Вопрос или проблема
Все поверхности потерь, используемые в примерах, имеют форму чаши, которая резко уменьшается вдали от оптимального значения и уменьшается медленно вокруг плоской точки оптимума.
Мои вопросы:
-
Есть ли у всех поверхностей потерь плоская область вокруг оптимума, что приводит к небольшим обновлениям градиента?
-
Большинство кривых потерь, когда я обучал какую-то модель, показывают резкое снижение потерь и замедление этого снижения, и график потерь становится плоским.
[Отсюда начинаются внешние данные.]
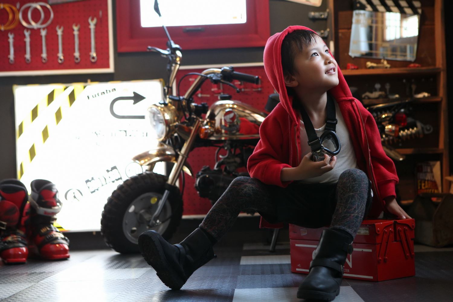 車のおもちゃ大好きな男の子^^ バイクの部屋の棚に車のおもちゃを見つけるや否や夢中です^^
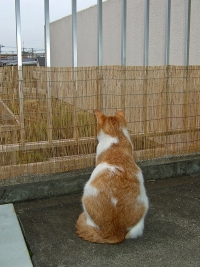 新たな自由を得て、ベランダでリラックスする小太郎です・・・
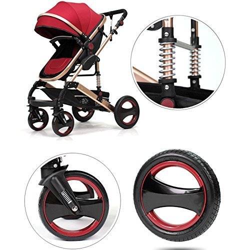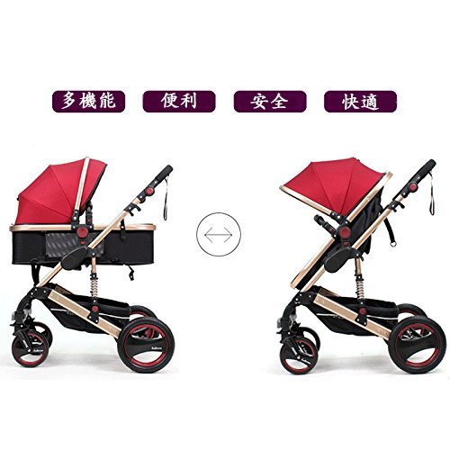Umora 4輪畳めるベビーカー ハイシート ショックレス設計 四季通用 両対面式 1ヶ月~36ヶ月対象(レッド)
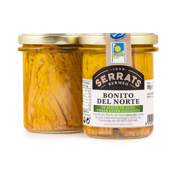 Para la elaboración del frasco de Bonito del Norte Serrats con Aceite de Oliva Virgen Extra Ecológico, utilizamos los lomos del Bonito, limpiados y envasados a mano, a los que añadimos el Aceite de Oliva Virgen Extra Ecológico. Este es el aceite de oliva llevado a su máxima calidad en todos los sentidos. Es un aceite de sabor y aroma realmente especiales, que proviene de aceitunas cultivadas respetando los requisitos de la agricultura ecológica.
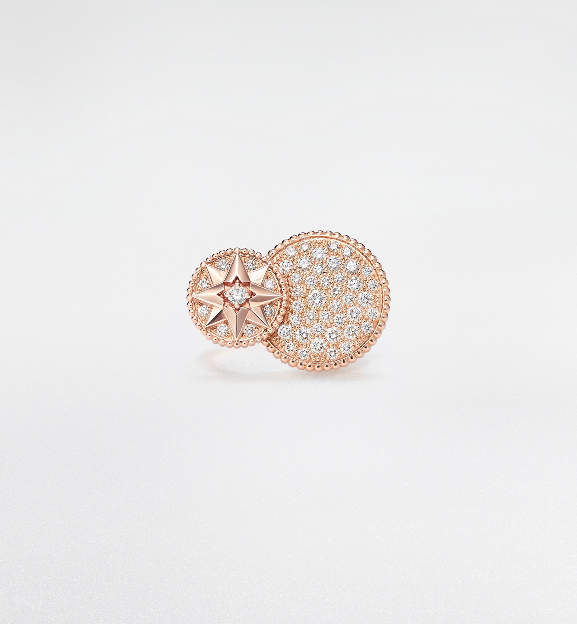 The Rose des Vents creations, inspired by the Villa Les Rhumbs garden mosaic in Granville, showcase colorful ornamental stones and precious diamonds, embodying the essence of Dior fine jewelry. The exquisite ring blends the iconic Rose des Vents design with the radiance of pink gold, enhancing the brilliance and purity of the diamonds. The artisanal snow setting technique accentuates their sparkle, capturing the shimmer of sunlit snow. Timeless and elegant, the piece can be effortlessly paired with other treasures from the Rose des Vents collection. - 18K pink gold - Diamonds (0.97 ct*) - Motif diameters: 12 and 17 mm / 0.5 and 0.7 inch Size & Fit - You may refer to the size guide on the website - For more information on sizing, we invite you to visit a boutique - To create a unique look, Rose des Vents rings can be paired with each other
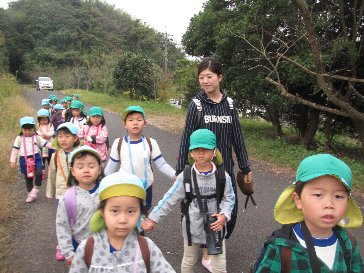 年長・年中児は、黒川公民館から歩いて行きました。年少児は、
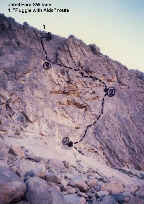 The hungarian wall: This is steep wall up wadi Srej, on the NE side of j.Fara. Several short routes (including bolts) were opened by the hungarian expedition opposite of "scala del cielo", march-april 1990,
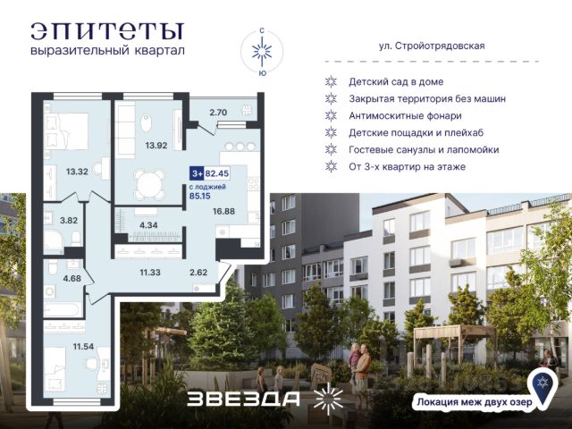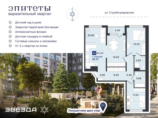 Выразительный квартал "Эпитеты" — сбалансированный проект, который сочетает атмосферу размеренной загородной жизни, насыщенную инфраструктуру и очарование природных локаций. ЖК комфорт-класса расположен на пересечении улиц Западносибирская и Стройотрядовская в окружении озер и зеленых массивов. Эклектичный стиль фасадов и соразмерная человеку архитектура станут украшением всего района.
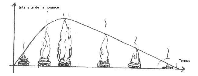 Et à la fin, On se calme tranquillement en faisant descendre progressivement le rythme des activités. La courbe ne doit pas baisser trop vite : les scouts ne doivent pas avoir une impression de coupure. Cette baisse progressive doit permettre aux scouts de se coucher dans le calme, sans être trop énervés.
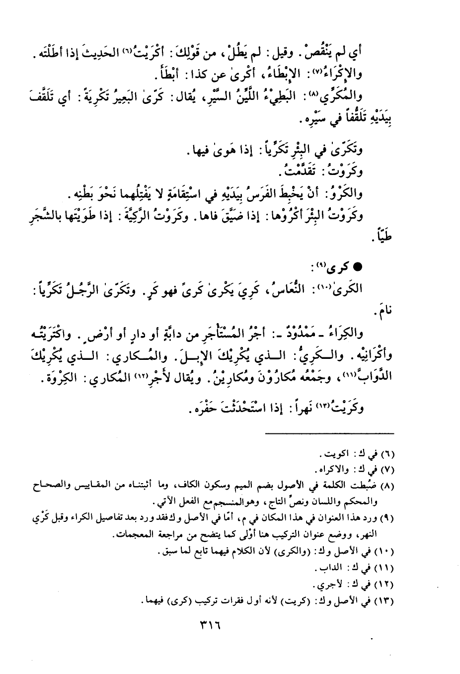 أي لم يَنْقُصْ . وقيل : لم يَطُلْ ، من قَوْلكَ : أكْرَيْتُ الحَدِيثَ إذا أطَلْتَه . والإِكْرَاءُ : الإِبْطَاءُ ، أكْرى عن كذا : أبْطَأ . والمُكَرِّي : البَطِيْءُ الَلَّيِّنُ السَّيْرِ ، يُقال : كَرّى البَعِيرُ تَكْرِيَةً : أي تَلَقَّفَ بِيَدَيْهِ تَلَقفاً في سَيْرِه . وتَكَرّى في البِئْرِ تَكَرّياً : إذا هَوى فيها . وكَرَوْتُ : تَقَدَّمْتُ . والكَرْوُ : أنْ يَخْبِطَ الفَرَسُ بِيَدَيْهِ في اسْتِقَامَةٍ لا يَفْتِلُهما نَحْوَ بَطْنِه . وكَرَوْتُ البِئْرَ أكْرُوْها : إذا ضَيَّقَ فاها . وكَرَوْتُ الرَّكِيَّةَ : إذا طَوَيْتَها بالشَّجَرِ طَيّاً . كرى الكَرى : النُّعَاسُ ، كَرِيَ يَكْرى كَرىً فهو كَرٍ . وتَكَرّى الرجُلُ تَكَرياً : نامَ . والكِرَاءُ - مَمْدُوْدٌ - : أجْرُ المستأجرِ من دابَّةٍ أو دارٍ أو أرْضٍ . واكْتَرَيْتُه وأكْرَانِيْه . والكَرِيُّ : الذي يُكْرِيْكَ الإبلَ . والمُكاري : الذي يُكْرِيْكَ الدَّوَابَّ ، وجَمْعُه مُكارُوْنَ ومُكارِيْنُ . ويُقال لأجْرِ المُكاري : الكِرْوَة . وكَرَيْتُ نَهراً : إذا اسْتَحْدَثْتَ حَفْرَه .
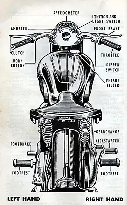 Tous les modèles sont équipés d'une boîte de vitesses à quatre rapports avec sélecteur au pied, d'une transmission primaire et secondaire par chaîne, d'un démarrage au kick, d'une fourche Girder à dureté réglable, d'une selle solo, de freins à tambour ainsi que d'un éclairage avant et d'un avertisseur électrique. L'instrumentation de série est sur le réservoir[n 35].

Почему обновления потерь (количество градиента) становятся маленькими?
Основываясь на том, как работает алгоритм оптимизации градиентного спуска (который вы можете найти подробно объясненным по этой ссылке), ниже приведены ответы на ваши вопросы:
Есть ли у всех поверхностей потерь плоская область вокруг оптимума, что приводит к небольшим обновлениям градиента?
- насколько обновленные веса приближаются к оптимальным значениям весов (и это происходит на том, что вы называете плоской областью поверхности функции потерь), обновления весов становятся все меньше и меньше, и это происходит потому, что производная такой функции потерь для каждого компонента становится меньше (т.е. эта почти плоская область менее крутая):
и с точки зрения деталей алгоритма градиентного спуска ниже:
Большинство кривых потерь, когда я обучал какую-то модель, показывают резкое снижение потерь и замедление этого снижения, и график потерь становится плоским. Почему обновления потерь (количество градиента) становятся маленькими?
- этот второй вопрос (если я правильно понял, вы спрашиваете о кривых обучения) является прямым следствием вышеприведённого пункта: когда веса приближаются к оптимальным значениям при сходимости, количество обновления весов становится меньше, и кривая потерь становится почти (с некоторыми колебаниями) плоской вокруг минимального значения, что-то вроде:
источник
Ответ или решение
Градиентный спуск и поведение функции потерь
Градиентный спуск является одним из ключевых методов оптимизации в области машинного обучения и глубинного обучения. Его основная задача состоит в минимизации функции потерь путём постепенного обновления весов моделей на основе вычисленных градиентов. В данной статье мы рассмотрим два важных вопроса, касающихся поведения функции потерь в окрестностях оптимального значения и связанных с этим вопросов об обновлении градиентов.
1. Плоская область функции потерь и малые обновления градиента
Когда мы говорим о плоской области функции потерь, мы имеем в виду те участки графика, где производная функции (градиент) близка к нулю. В этом контексте можно сказать, что:
- Да, существует тенденция, что функции потерь имеют плоские области вокруг оптимальных значений. Это связано с тем, что по мере приближения к оптимальному набору весов, изменения градиента становятся всё менее значительными. То есть, вблизи минимума, градиент менее выразителен, и, следовательно, обновления весов также уменьшаются.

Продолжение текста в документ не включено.